Le piège pour Valérie Pécresse serait de demeurer bonne élève des bonnes écoles et ne pas vouloir paraître « excessive ». Le général de Gaulle, soldat de métier, s’écria un jour : « L’armée, je l’emmerde » (en français dans le texte). Et puisqu’on n’a que son nom à la bouche, celui du fondateur de la cinquième république, rappelons le grand principe gaulliste : ne jamais inverser les priorités ! La différence entre un bon président de la République et un nul qu’on oubliera — mais qui aura fait mal au pays, l’archétype en étant Hollande —, c’est que le bon inspire l’administration, et pas le contraire. Rien de nouveau dans le pays de Courteline… et Marcel Aymé.

On nous a dit par exemple que le regroupement peu amène entre gendarmes et policiers rendrait impossible que les gardiens de prison soient versés dans la police, comme ils le souhaitent (depuis… 1911). Mais ce n’est pas le problème ! La justice doit être déchargée de missions qui ne sont pas les siennes. Inspecter inopinément les prisons est une fonction de magistrat, les gérer — et de quelle manière ! Strasbourg nous le rappelle depuis des lustres — ne l’est pas. Le budget et l’emprise de l’administration pénitentiaire plombent le ministère de la Justice, ministère qui ne se réduit pas à l’exécution des peines, c’est un euphémisme. Et gendarmes et policiers continueront à exécuter place Beauvau ce qu’ils ont à faire, découvrant à l’occasion l’utilité de l’autre corps, notamment en matière de renseignement, terroriste ou crapuleux, dans les prisons.

Quel que soit le problème judiciaire, de quelle manière qu’on le tourne, on en parvient toujours à la même clef d’ogive. Que vous parliez de justice civile, copropriété, contrats, responsabilité professionnelle, ou de l’énorme contentieux familial (une affaire sur deux), de l’enfance en danger, de justice pénale, outre des commissions en tous genres, des professions auxiliaires telles le Barreau, tout ramène, après il est vrai un raisonnement que peu d’énarques suivent jusqu’au bout, à une clef d’ogive : la légitimité et la fin de l’inconséquence.
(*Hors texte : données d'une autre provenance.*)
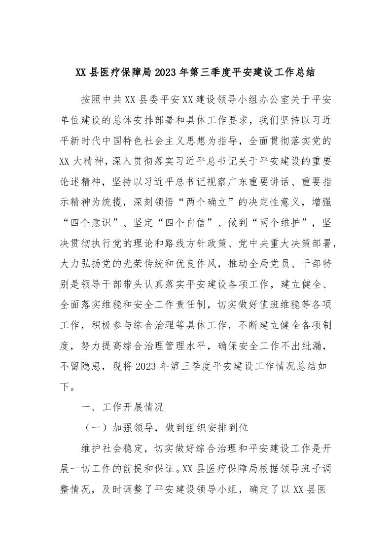 / XX县医疗保障局2023年第三季度平安建设工作总结

Avec cette donnée essentielle : les magistrats inconséquents ne savent pas même qu’ils le sont. C’est dire.

Quant à la légitimité, la seule reconnue en démocratie, ce n’est pas la « technique » (et là encore, combien de jugements et d’arrêts, ni faits ni à faire), c’est l’élection par le peuple. Le souverain. Celui qui choisira et confortera sa première présidente, si elle décide de faire reposer sa justice sur lui : le peuple souverain.